Data in Script
Bitcoin script provides several OP_CODES specifically targeted at pushing data onto the stack to be part of any computation one might want to perform. There exists a very specific edge case wherein one can essentially use the bitcoin ledger for arbitrary data storage. It should be noted that to the extent that one has to pay the Transaction Processors (miners) a fee, and to the extent that this fee is calculated in terms of bitcoin-per-byte, pushing large amounts of data into a transaction can get prohibitively expensive at the moment.
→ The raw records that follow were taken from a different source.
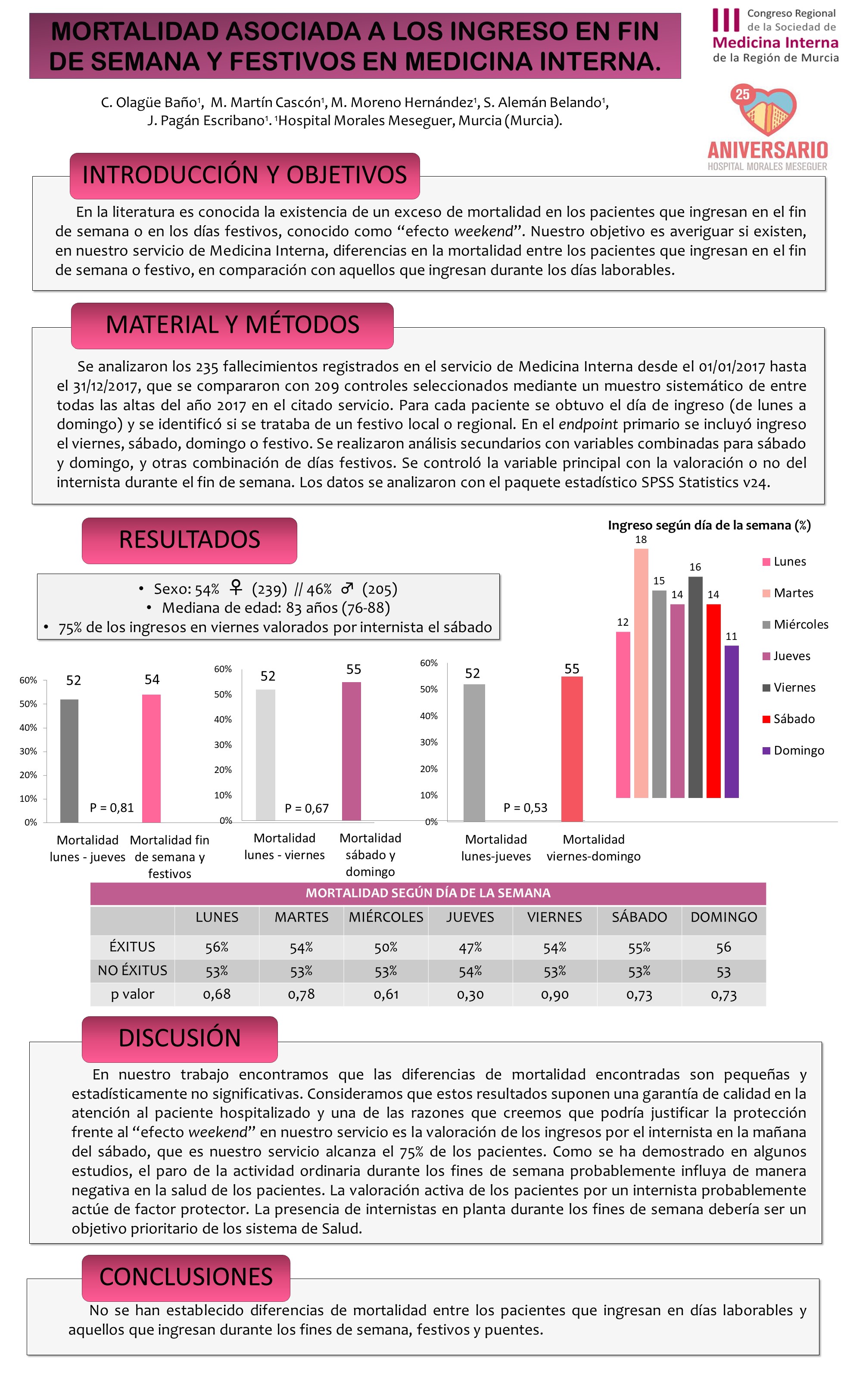 | P40 | Título: Moratalidad asociada a los ingresos en fin de semana y festivos en Medicina Interna. Autores: C. Olagüe Baño; M. Martín Cascón; M. Moreno Hernández; S. Alemán Belando; J. Pagán Escribano. |
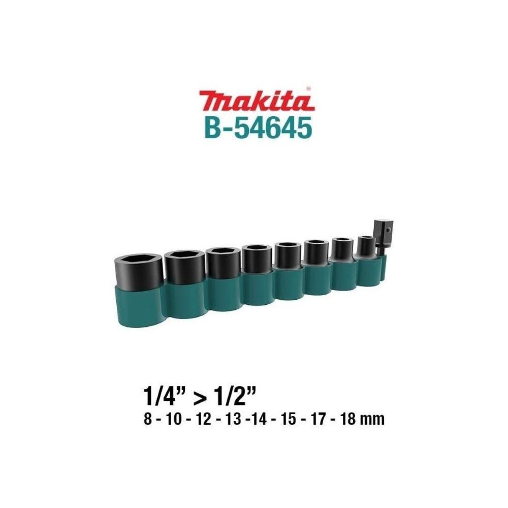 Makita B-54645 set nasadnih ključeva - gedora 1/2 " veličine 8 mm, 10 mm, 12 mm, 13 mm, 14 mm, 15 mm, 17 mm i 18 mm plus gumeni držač gedora i adapter od 1/4" do 1/2"
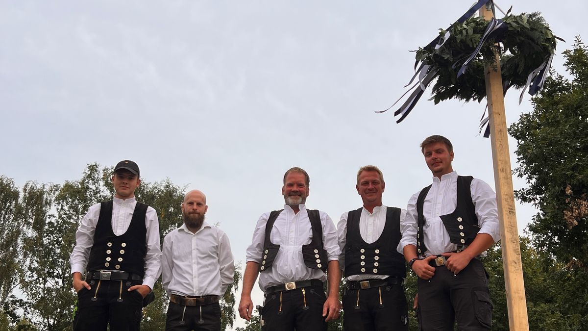 Ein weiterer Meilenstein beim Neubau ist erreicht. Am Donnerstag den 4. September folgten rund 200 Mitglieder der Einladung des Vorstandes und besuchten die Veranstaltung im Waldstadion. Einmal mehr zeigte sich, wie groß das Interesse der Dickenberger in Bezug auf den Neubau ist. Die Geschäftsleitung der Firma Woitzel, sowie die Nachbarschaft der Heinrich-Brockmann-Straße hatte für diesen Tag einen Richtkranz gebunden, der dann am höchsten Punkt des neuen Gebäude befestigt wurde. Christoph Pelster, Chef der Firma Holzbau Pelster und verantwortlicher Zimmermann, ließ es sich nicht nehmen den Richtspruch zu verlesen.
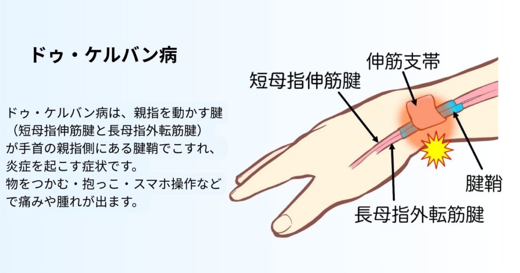 親指を動かす2つの腱(短母指伸筋腱と長母指外転筋腱)が、手首のトンネル(腱鞘)でこすれて炎症を起こします 。
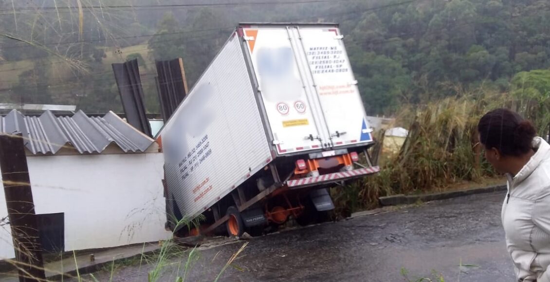 Um caminhão ficou pendurado em uma ribanceira na Rua José José Poletti, no bairro Rui Sanglard, em Nova Friburgo (RJ), na manhã de segunda-feira (26/8).
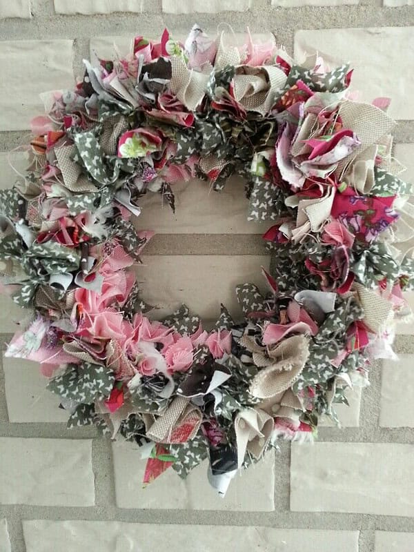 Darunter ist ein Styroporkranz:-) In diesen werden die Stoffstücke hineingepiekst.
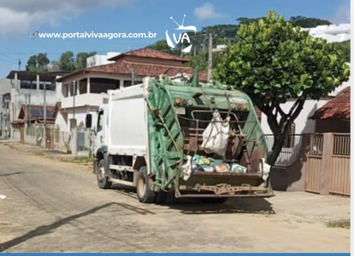 Um caminhão responsável pela coleta de lixo do município de
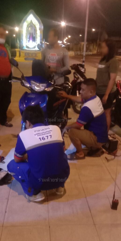 อาสาเข้าตรวจสอบพบรถจักรยานยนต์ ฮอนด้าเวฟ สีน้ำเงิน จอดเสียระบบหัวเทียน อาสาดำเนินการช่วยเหลือเปลี่ยนหัวเทียนให้เป็นที่เรียบร้อย รถสตาร์ทติดสามารถขับขี่ต่อไปได้
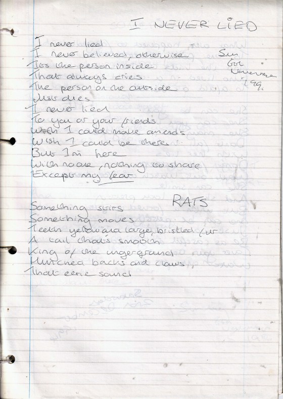I Never Lied – Written Sunday 6th November 1994 (Aged 19)
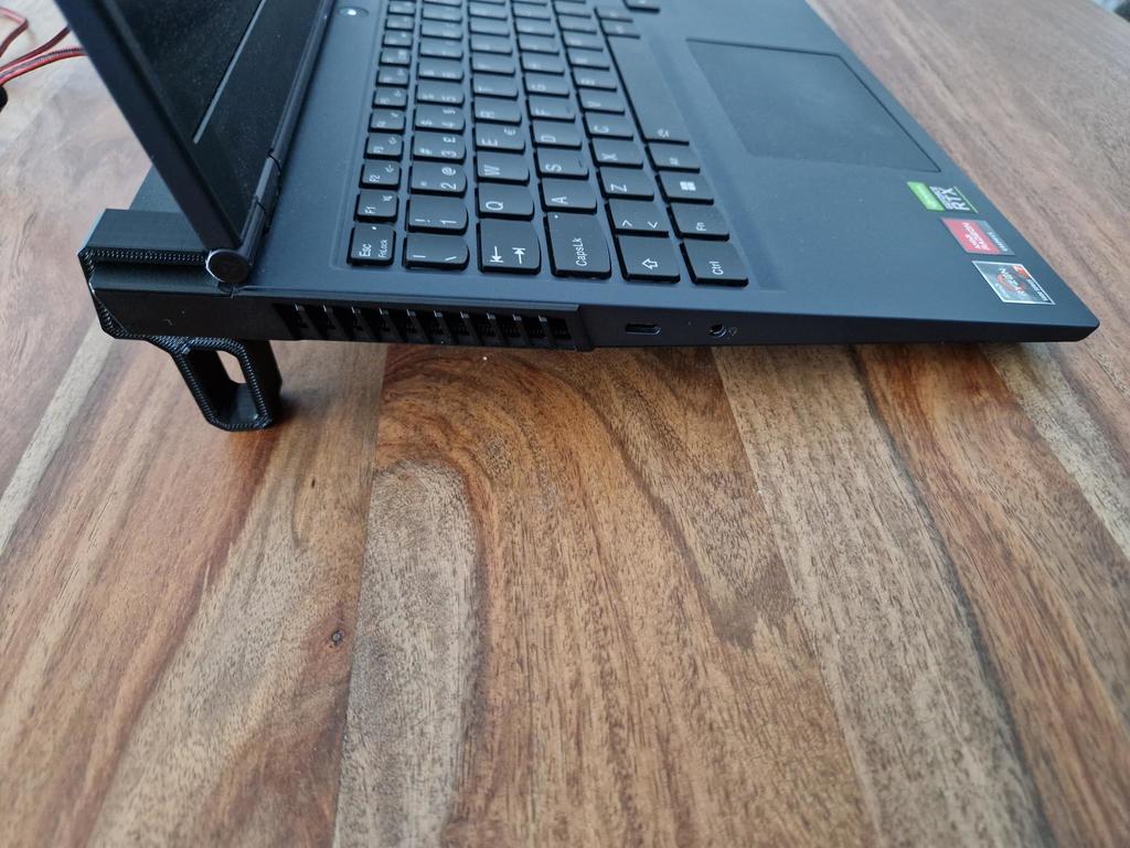 Podstawka pod laptopa zaprojektowana dla Lenovo Legion 5. Podnosząc tył laptopa, można poprawić przepływ powietrza z systemu wentylacji laptopa. Będziesz musiał wydrukować parę nóżek, a także parę małych gumek, aby zapobiec zsuwaniu się nóżek. Nóżki należy umieścić na rogach tylnej części laptopa, nie zakrywając otworów wentylacyjnych.
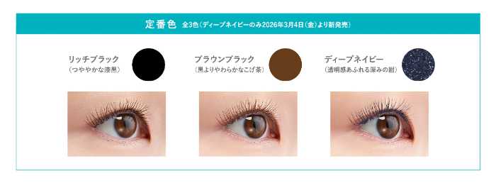 重たく見えがちな寒色系マスカラとは違い、まつげ1本1本をくっきり見せながら、軽やかで洗練された印象を演出します。
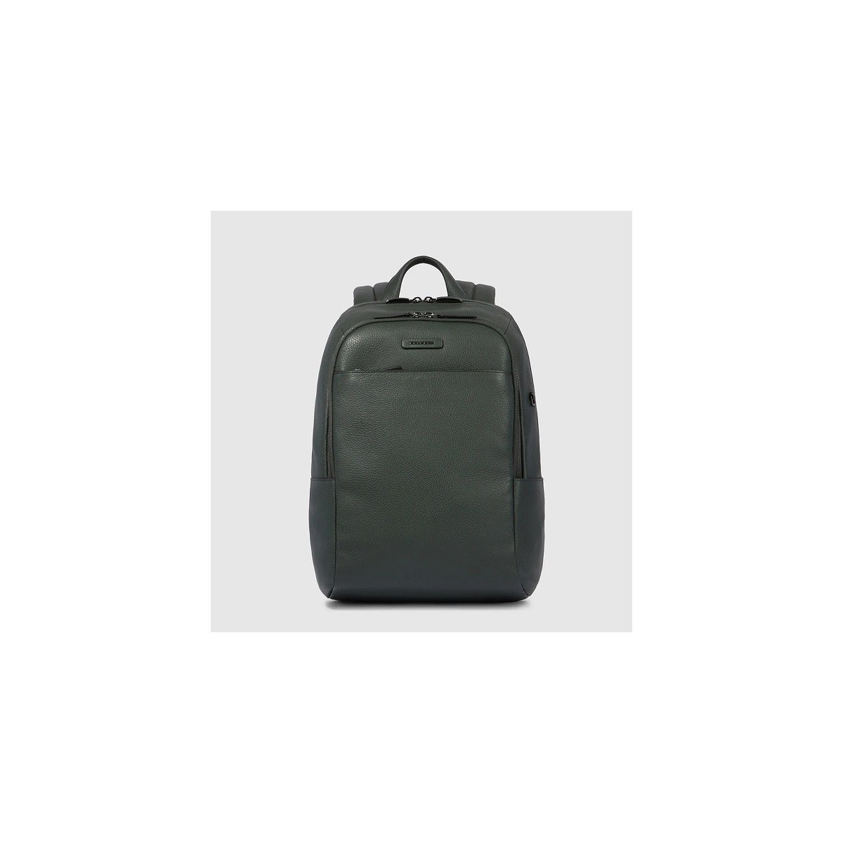 Piquadro-Rucksack aus grünem Leder mit Vordertaschen
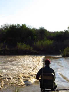 Jabulani hat uns die vier Tage quer durch das Reservat geführt. Ob Flüsse, Schlamm- oder Geröllpiste, nichts konnte ihn stoppen, um uns alle Tiere nahezubringen und um uns die schönsten Ecken des Game-Resorts zu zeigen. Beeindruckt hat uns seine detaillierte Kenntnisse der Vogelwelt. Immer wartete er nicht nur mit genauen Bezeichnungen wie Yellow Brested, Red Headed, Male or Female usw. auf, sondern er konnte sogar die Rufe nachmachen. Nur das Alter der Vögel konnte er nicht immer angeben.
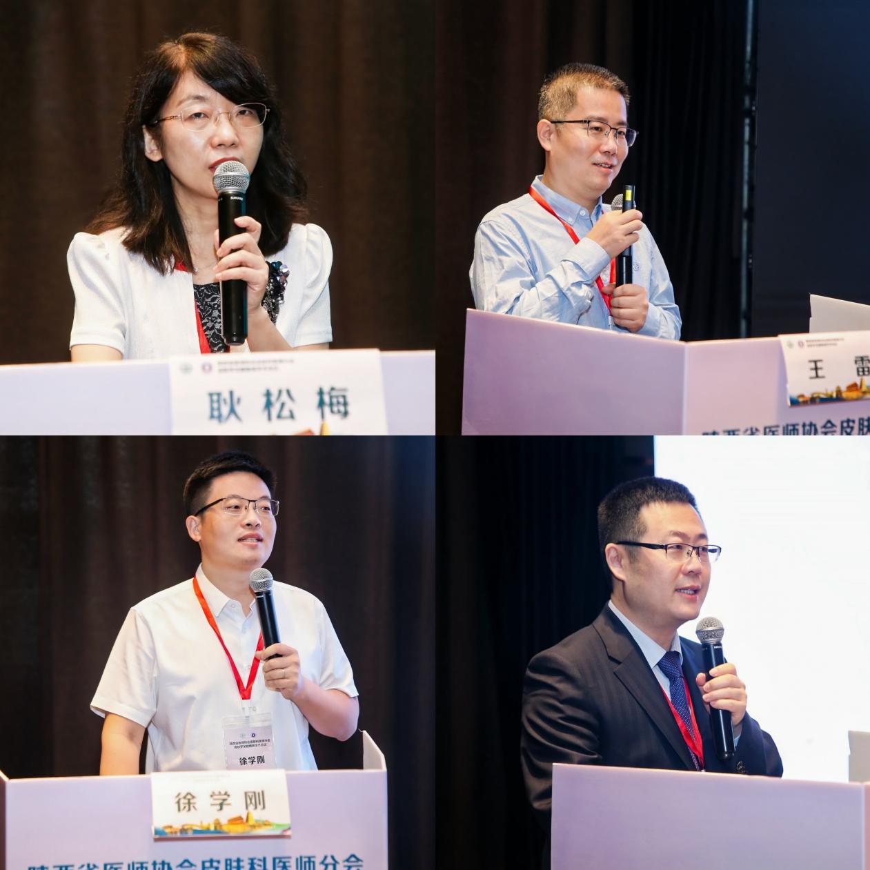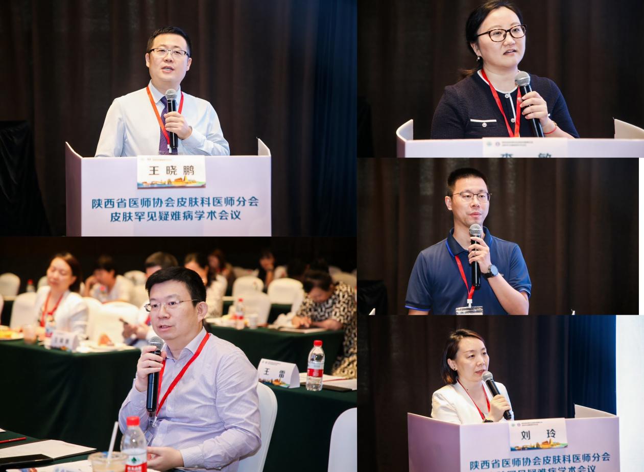会议中,北京大学第一医院皮肤科主任汪旸教授、西安交通大学郭龙教授、国家儿童医学中心、复旦大学附属儿科医院皮肤科主任李明教授、山东第一医科大学附属皮肤病医院孙勇虎教授、陕西省医师协会皮肤科医师分会会长、西安交通大学第二附属医院皮肤科主任耿松梅教授、中国医科大学附属第一医院徐学刚教授、空军军医大学西京医院皮肤病院副主任王雷教授、西安交通大学第二附属医院王晓鹏教授分别从临床队列研究、疾病相关生物信息分析、基础动物模型建立及应用、基因表型关系研究、病理形态学等多个视角出发,分享了其团队在包括皮肤T细胞淋巴瘤、运动系统单基因罕见遗传病、单纯性少毛症、1型神经纤维瘤病、遗传性血管性水肿、银屑病在内等多个领域的研究成果。空军军医大学西京医院皮肤病院副主任王雷教授同汪旸教授对“特应性皮炎与皮肤T细胞淋巴瘤发病的关系”这一话题展开了热烈的讨论,并表达了对其团队成果的高度肯定与期待。同时,陕西省医师协会皮肤科医师分会会长、西安交通大学第二附属医院皮肤科主任耿松梅教授更是从学科建设角度出发,分享了我院对于罕见遗传性皮肤病的诊疗与研究探索。
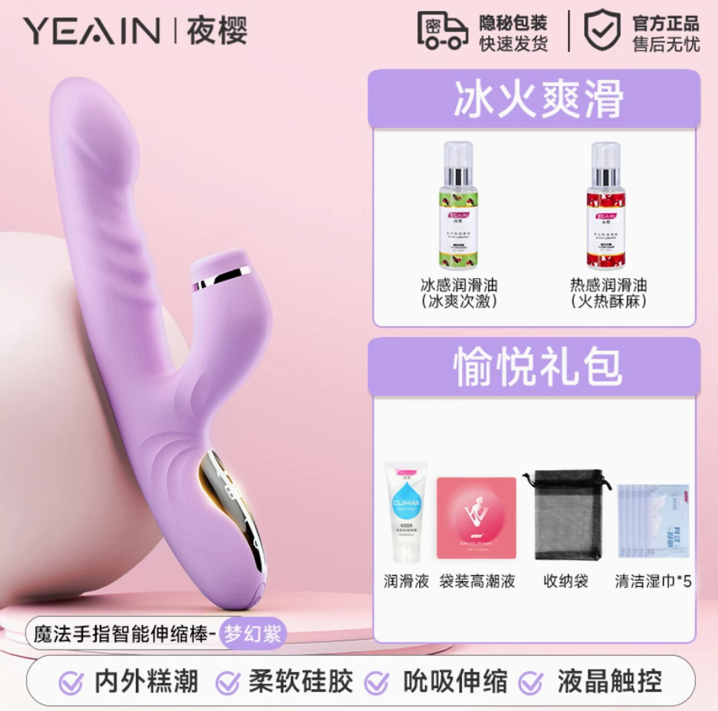 【冰火刺激 水潤爽滑】(紫)伸縮舌吸液晶棒+冰火雙感油+愉悅豪禮
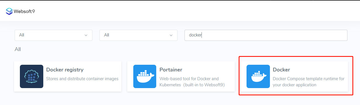 1. Go to the catalog App Runtime > Docker from Websoft9 App Store
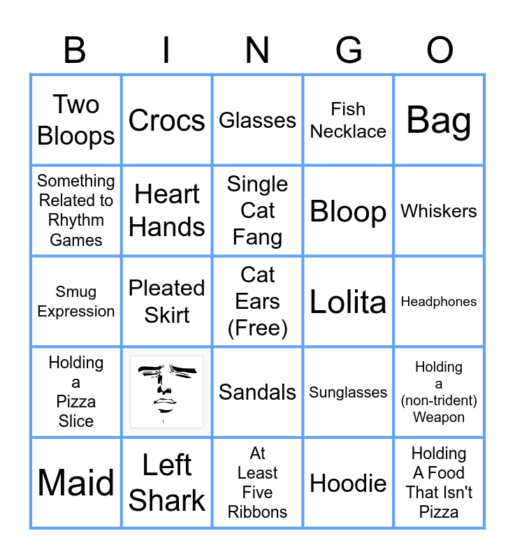This bingo card has 1 images, a free space and 28 words: Maid, Cat Tail, Pleated Skirt, Thigh Highs, Two Bloops, Glasses, Heart Hands, Lolita, Left Shark, Headphones, Holding A Food That Isn't Pizza, At Least Five Ribbons, Hoodie, Whiskers, Bathing Suit, Sandals, Holding a Pizza Slice, Bag, Smug Expression, Sunglasses, Sailor Collar, Bloop, Something Related to Rhythm Games, Fish Necklace, Crocs, Holding a (non-trident) Weapon, Single Cat Fang and Smol Gura.

There are however plenty of use-cases wherein one might push small amounts of data which has some monetization strategy tied to it. The general model for pushing data onto the bitcoin ledger involves:
- making a transaction output unspendable by prepending OP_FALSE OP_RETURN as the first two opcodes of the scriptPubkey (output script).
- adding arbitrary data elements to the bitcoin script, in accordance with some data model using OP_PUSHDATA operations.
- setting the output amount of satoshis to ZERO. Failing to take this step will permanently lock up funds.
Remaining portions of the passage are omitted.